In addition, some of the Company’s branded footwear
operations are operated pursuant to licensing agreements with
third-party trademark owners. These agreements are subject to
early termination for breach. Expiration or early
termination of any of these license agreements by the licensor
could have a material adverse effect on the Company’s
business, results of operations and financial position.
The Company periodically discovers products that are counterfeit
reproductions of its products or that otherwise infringe on its
intellectual property rights. The Company has not always been
able to stop production and sales of counterfeit products and
infringement of the Company’s intellectual property rights.

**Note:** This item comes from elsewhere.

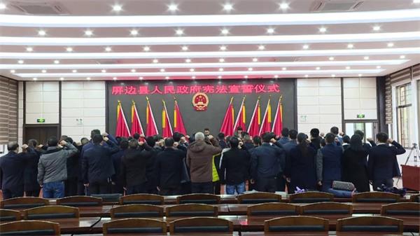 12月4日是第六个国家宪法日,屏边县人民政府举行宪法宣誓仪式。仪式上,2019年度县政府任命的国家工作人员依法进行宪法宣誓。县长李雄文现场监誓。

The actions the Company takes to establish and protect
trademarks, patents and other intellectual property rights both
inside and outside of the United States may not be adequate to
prevent imitation of its products by others. If the Company is
unsuccessful in challenging a party’s products on the basis
of infringement of the Company’s intellectual property
rights, continued sales of these products could adversely affect
the Company’s sales, devalue its brands and result in the
shift of consumer preference away from the Company’s
products.
The Company’s inability to attract and retain executive
managers and other key employees, or the loss of one or more
executive managers or other key employees, could adversely
affect the Company’s business.
The Company depends on its executive management and other key
employees. In the footwear, apparel and consumer-direct
industries, competition for qualified employees is intense, and
the Company’s failure to identify, attract or retain
executive managers or other key employees could adversely affect
its business. The Company must offer and maintain competitive
compensation packages to effectively recruit and retain such
individuals. Further, the loss of one or more executive managers
or other key employees, or the Company’s failure to
successfully implement succession planning, could adversely
affect the Company, its results of operations or financial
position.
Inflationary and other pressures may lead to higher
employment and pension costs for the Company.
General inflationary pressures, changes in employment laws and
regulations, and other factors could increase the Company’s
overall employment costs. The Company’s employment costs
include costs relating to health care benefits and benefits
under the Company’s retirement plans, including a
U.S.-based
defined benefit plan. The annual cost of benefits can vary
significantly depending on a number of factors, including
changes in the assumed or actual rate of return on pension plan
assets, a change in the discount rate used to determine the
present value of pension obligations, a change in method or
timing of meeting pension funding obligations and the rate of
health care cost inflation. Increases in the Company’s
overall employment and pension costs could have an adverse
effect on the Company’s business, results of operations and
financial position.
Disruption of the Company’s technology systems could
adversely affect the Company’s business.
The Company’s technology systems are critical to the
operations of its business. Any interruption, impairment or loss
of data integrity or malfunction of these systems could severely
impact the Company’s business, including delays in product
fulfillment and reduced efficiency in operations. In addition,
costs and potential problems and interruptions associated with
the implementation of new or upgraded systems, or with
maintenance or adequate support of existing systems could
disrupt or reduce the efficiency of the Company’s
operations.
The Company faces risks associated with its growth strategy
and acquiring or disposing of businesses.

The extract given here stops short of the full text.